Frankenweenie
Directed by Tim Burton
In Tim Burton's world, even the architecture is lonely. Below the clouds’ margin, a creaky windmill on a hill overlooks a uniformly one-story suburb. Here, 10-year-old Victor Frankenstein (Charlie Tahan) lives for Sparky, a big-hearted bull terrier who stars in the boy's Super-8 monster movies. Victor’s parents would prefer him to spend more time on sports; in this sun-stoned 1950s town, where everybody shares either name or face with a classic Hollywood monster, this kid is some kind of outsider.
After he hits a freak home run, Sparky runs to catch the ball but is run down by an Oldsmobile. Grief-stricken but inspired by Mr. Rzykruski, his spindly science teacher (Martin Landau), Victor reanimates the dog by electrocuting its corpse in the attic.

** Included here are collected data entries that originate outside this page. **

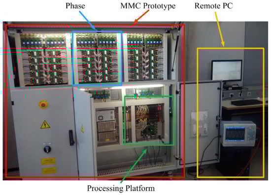 The three modulation methods have been validated and evaluated in the real six-level MMC prototype shown in Figure 14. The main parameters of the converter are presented in Table 2. The switching frequency of each modulation technique is the same that in Section 4. The PS-SPWM has been implemented with carriers of 750 Hz. The SVM and the NLM calculates the duty cycle by means of a frequency of 5.25 kHz and 3.75 kHz, respectively.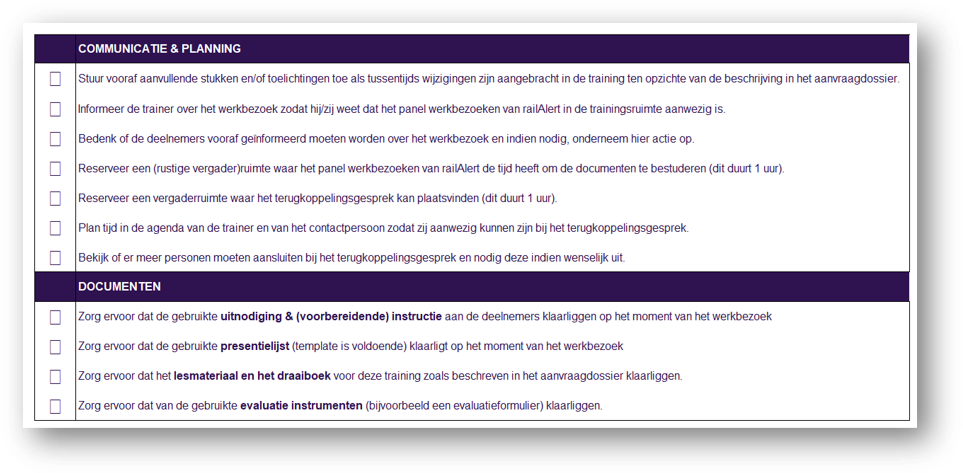 In onderstaande checklist staat precies welke voorbereidende activiteiten je kan nemen en wat van je wordt verwacht tijdens het werkbezoek.
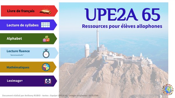 Document réalisé par Anthony RUBIO - textes : Equipe UPE2A 65 - Images originales : SCOLENA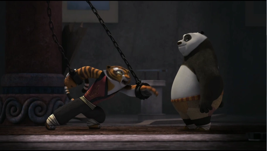 Po and Tigress accidentally released the Orbs that head to Ding's prison. After getting there, they end up dealing with Master Ding's ghost who gives them a hard time. Ding possesses Po's body to regain a physical form and then exits his prison. Soon though, Tigress gains control of the spirit orbs (much to Ding's dismay) and uses them to enter Po's mind to fight Ding. Po and Tigress are finally able to exorcise Ding's spirit from Po's consciousness. Tigress puts the orbs back and tells Po she is sorry, indicating they both have different strengths.[1]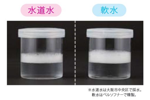 シャンプーの泡立ちがよく、洗浄効果を高め、髪や頭皮にやさしい水に含まれる硬度成分は、シャンプー剤の洗浄成分(界面活性剤)に対して、泡立ち効果を損なうなど、洗浄効果に影響を与えます。泡立ちが不充分な状態では、毛髪同士が擦れやすくなるため、毛髪や頭皮をいためることがあります。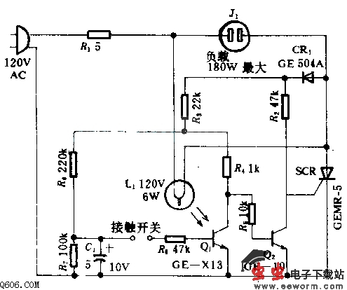 整流二极管GE504A将交流电变成直流供Q1、Q2.当人的手接触网状电极时,接通Q1基极电路,则Q1导通,Q2截止,在交流电源正半周时,SCR导通,180W灯泡点亮,L1 6W的小灯泡也点亮,L1照射Q1,维持Q1导通,Q2截止,虽然手已离开电极,灯泡仍亮。

John August’s nimble script expands on the premise of Burton's classic 1984 live-action short, long available on the Nightmare Before Christmas DVD, in ways consistent with Disney schmaltz. But he's also, at times, surprisingly toothy. (One tombstone in the pet cemetery reads “GOODBYE KITTY.”)
Frankenweenie opens with the studio's iconic castle rendered, in a solitary burst of lightning, in ominous grayscale with screeching church organs. It's a barbed riff on the Disney empire, sure, but also a kind of throwing-down on the director’s part. After several lost years reupholstering other musty properties, Burton has brought it all back home.